For which of the following salt, Eq.wt is F.W/6

To determine which salt has an equivalent weight equal to its formula weight divided by 6, we need to find the n-factor (number of moles of reactive species produced or consumed in a reaction) for each salt. The equivalent weight (Eq.wt) is calculated using the formula: \[ \text{Eq.wt} = \frac{\text{F.W}}{n} \] Where F.W is the formula weight (or molar mass) and n is the n-factor.
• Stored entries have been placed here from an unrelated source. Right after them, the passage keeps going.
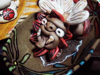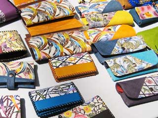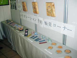 会場で気になったもの。その1、1階のフロアでカラフルな小物入れ(写真最上段)。
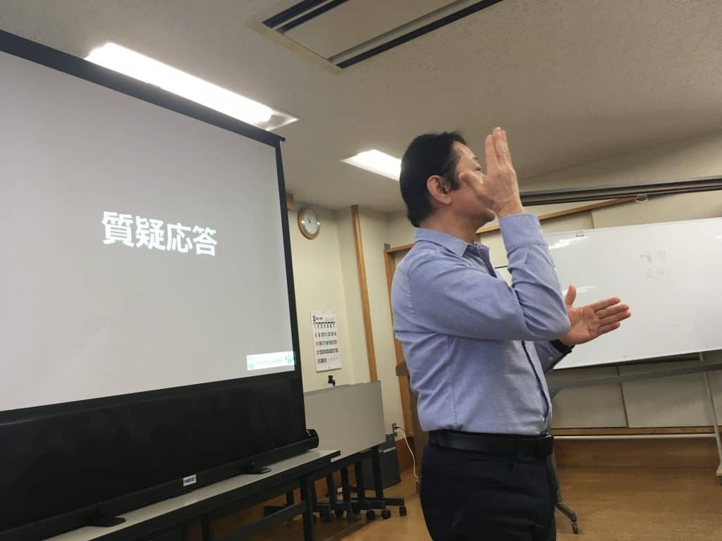 東京都稲城市聴覚障害者協会の荒川健一会長とIGBの伊藤芳浩理事長の説明を、皆さんメモを取りながら真剣な眼差しで聞き入っており、質疑応答では様々な角度からの質問が数多く寄せられました。
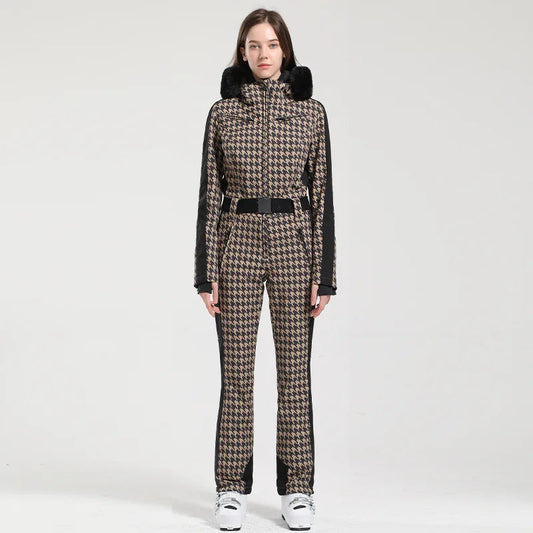 Dam Skidoverall – Slim Fit – Vattenavvisande – Bälte – Fuskpälsluva – Dragkedjefickor
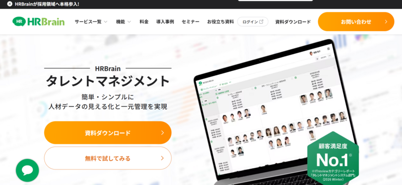 株式会社ビズリーチが運営しており、2026年2月末時点で累計12万社以上の導入実績を持っています。月額550円〜という料金設定で、必要なシステムだけを選んで組み合わせられるため、段階的な導入がしやすい設計です。採用管理から人財の活用・評価まで一連のデータをつなげて管理できる点が強みです。
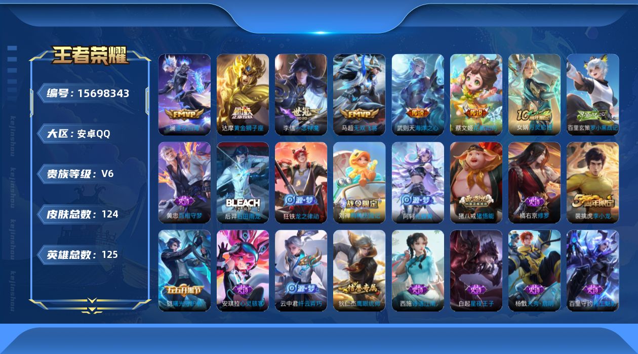 游戏区服:王者荣耀 / 安卓系统 / QQ账号
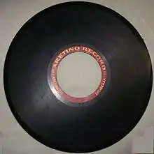 Aretino was started by Arthur J. O'Neill, who was linked to several Chicago-area record and phonograph operations.[1] O’Neill named this company in honor of Guido Aretino, an 11th-century Italian monk because he was an originator of the musical scale.[2] Aretino is an oddity distinguished by its records' spindle hole, the largest ever produced for commercial purposes.[3] It was a premium scheme, similar to many of O’Neill's operations, in that a phonograph machine was offered cheaply;[4][5] however, this phonograph could only play Aretino records because it came with a 3-inch spindle.[4] The design was intended such that an Aretino record could be played on any disc phonograph of the time.[2] As such, O’Neill also offered adapters for Aretino discs that allowed them to be played on phonographs with a standard spindle, or even on a Busy Bee machine (another O’Neill operation) with its extra spindle hole.[2]
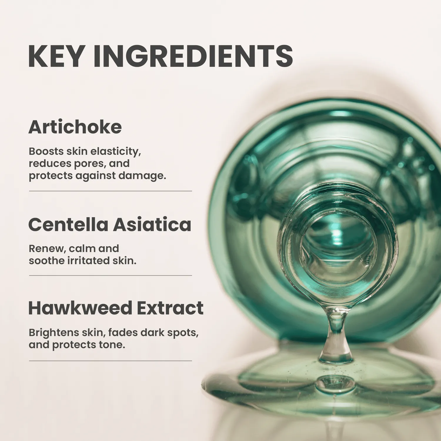 • Strengthens the skin barrier: artichoke extract protects with antioxidants, vitamins, and minerals
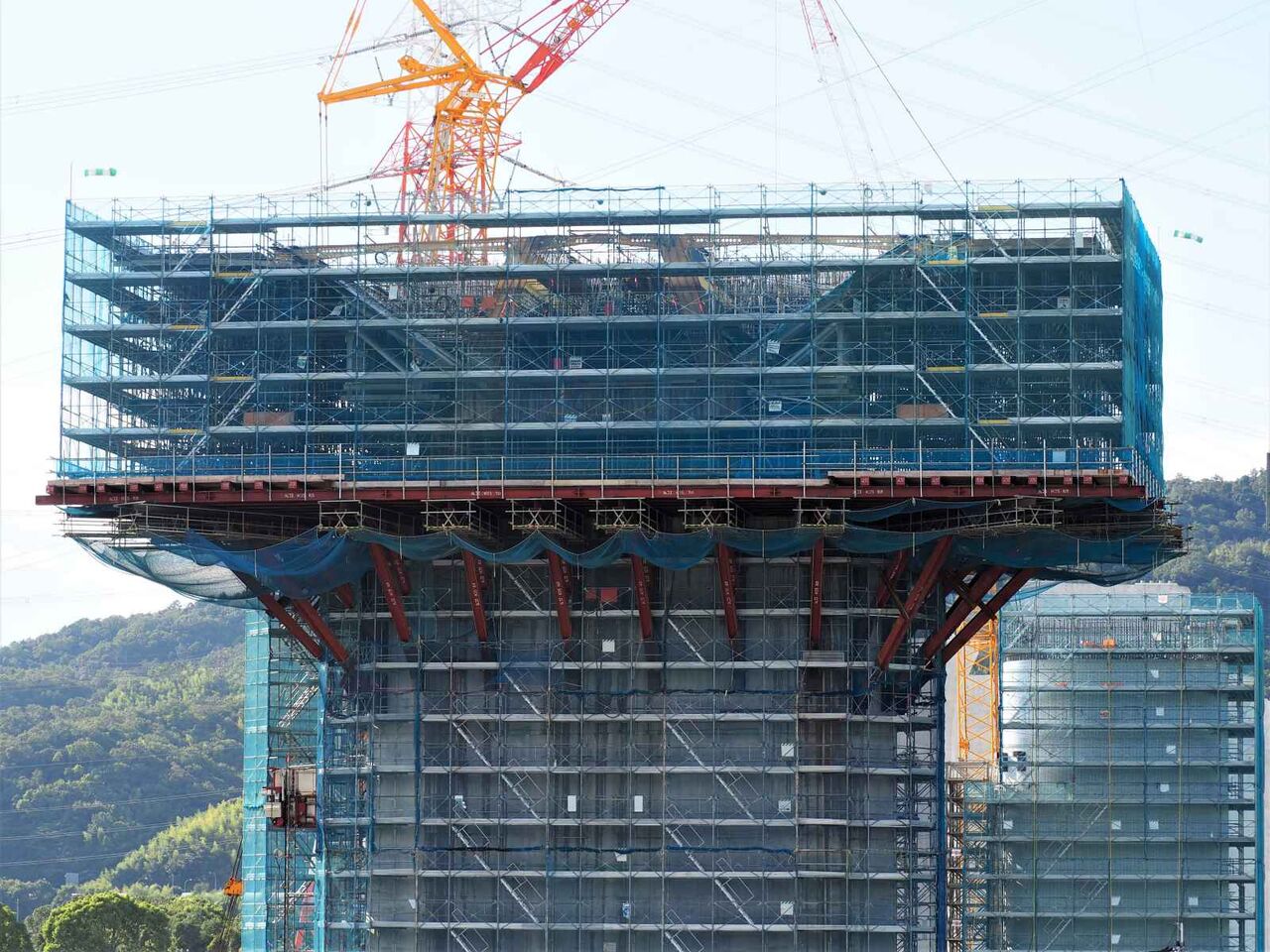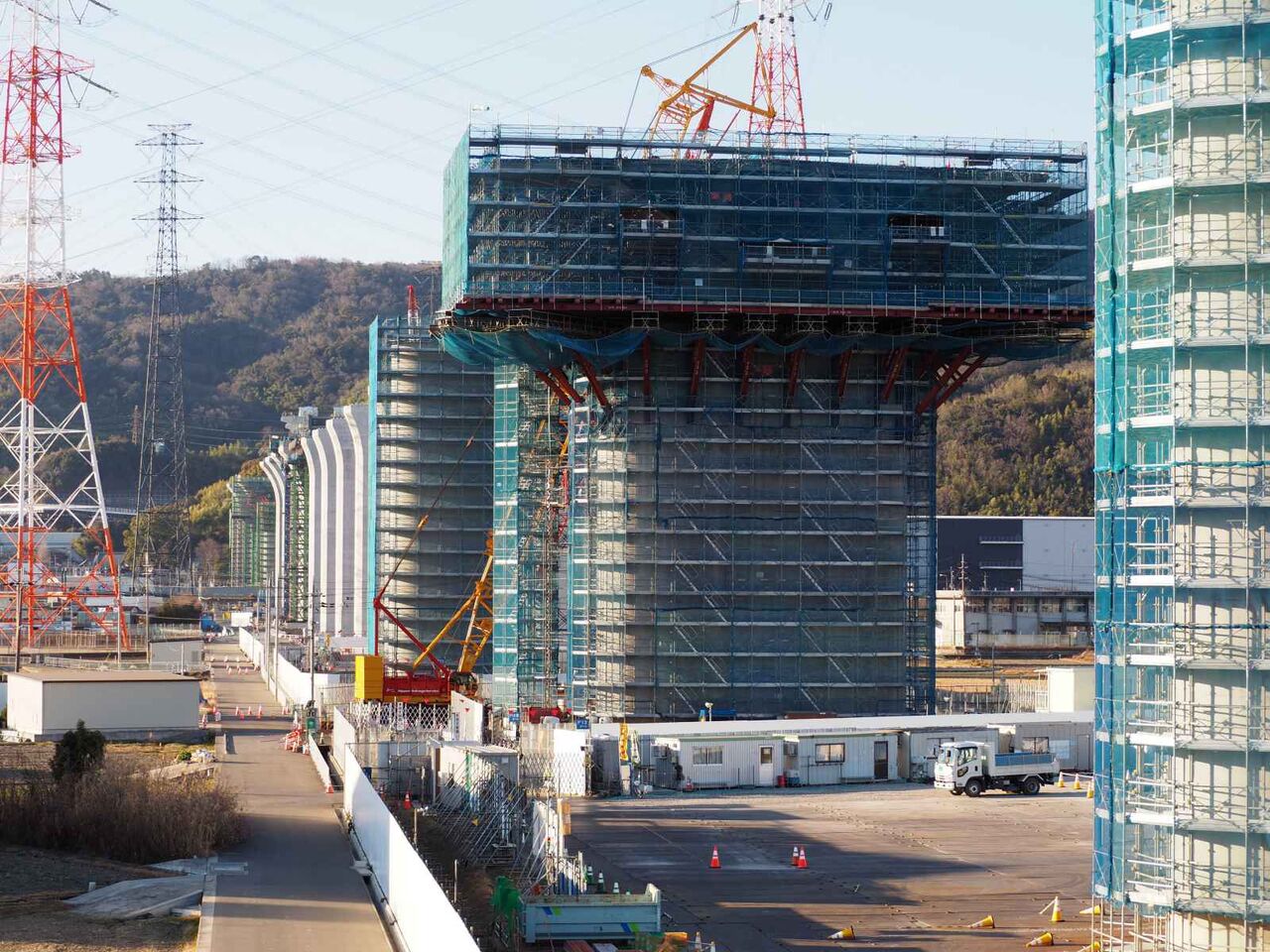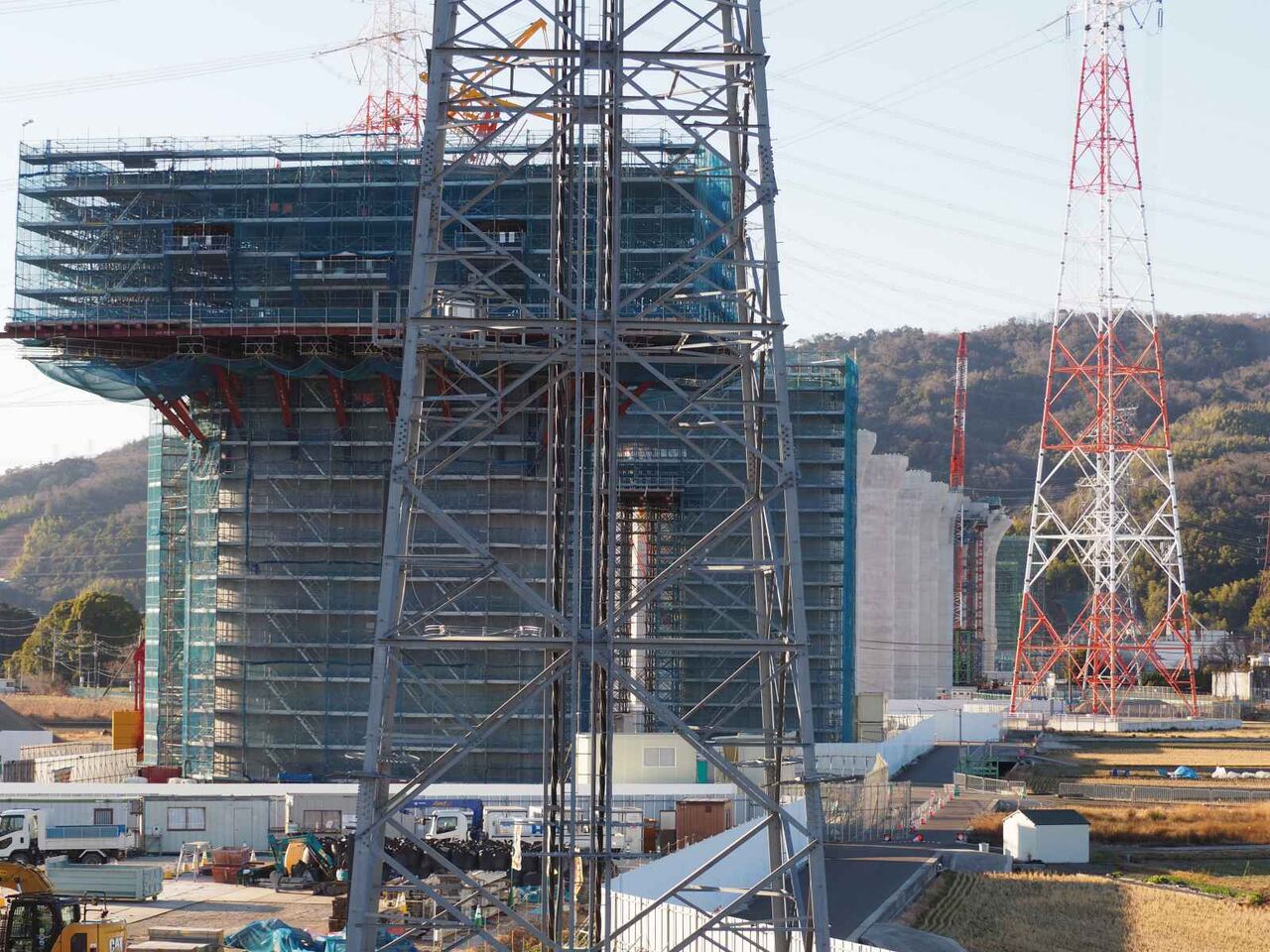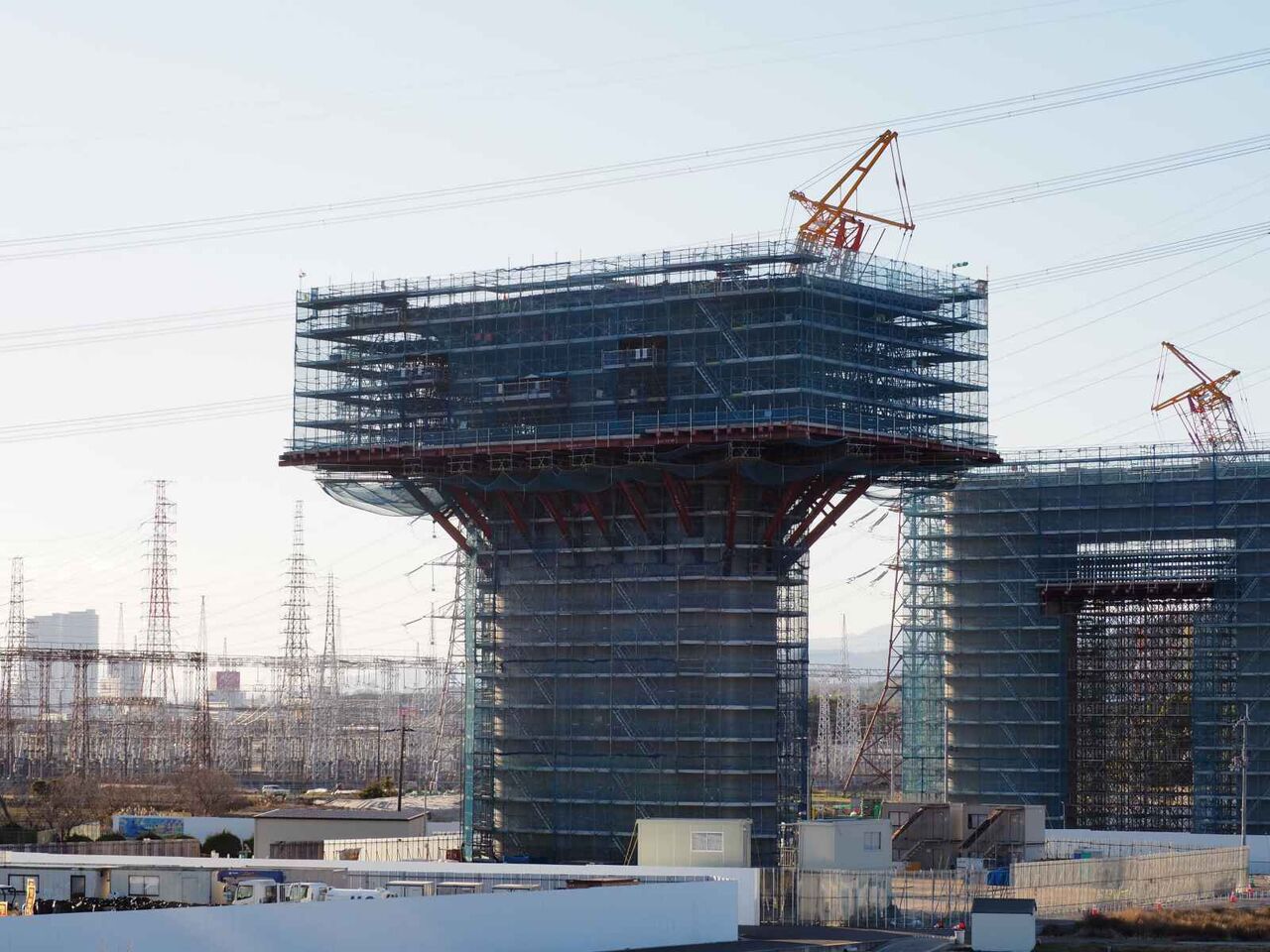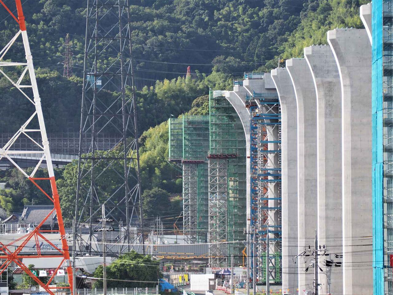 この高さの上に橋梁はどのようにして乗せるのか??気になります。一気に乗せるか、名神インターみたいに、箱型のものをつないでいくのでしょうか。

We are looking for a salt where n = 6. ### Step-by-Step Solution: 1. **Identify the salts given in the question**: - NaCl - K₂SO₄ - Fe₂(SO₄)₃ - AlCl₃ 2. **Calculate the n-factor for each salt**: - **NaCl**: - Dissociates into Na⁺ and Cl⁻. - n-factor = 1 (1 electron transferred). - **K₂SO₄**: - Dissociates into 2K⁺ and SO₄²⁻. - n-factor = 2 (2 electrons transferred). - **Fe₂(SO₄)₃**: - Dissociates into 2Fe³⁺ and 3SO₄²⁻. - Each Fe³⁺ contributes +3, thus total charge = 2 × 3 = 6. - n-factor = 6 (6 electrons transferred). - **AlCl₃**: - Dissociates into Al³⁺ and 3Cl⁻. - n-factor = 3 (3 electrons transferred). 3. **Compare the n-factors**: - NaCl: n = 1 - K₂SO₄: n = 2 - Fe₂(SO₄)₃: n = 6 - AlCl₃: n = 3 4. **Identify the salt with n-factor equal to 6**: - The only salt with an n-factor of 6 is **Fe₂(SO₄)₃**. 5. **Conclusion**: - Therefore, the salt for which the equivalent weight is equal to the formula weight divided by 6 is **Fe₂(SO₄)₃**. ### Final Answer: The salt for which Eq.wt = F.W/6 is **Fe₂(SO₄)₃**.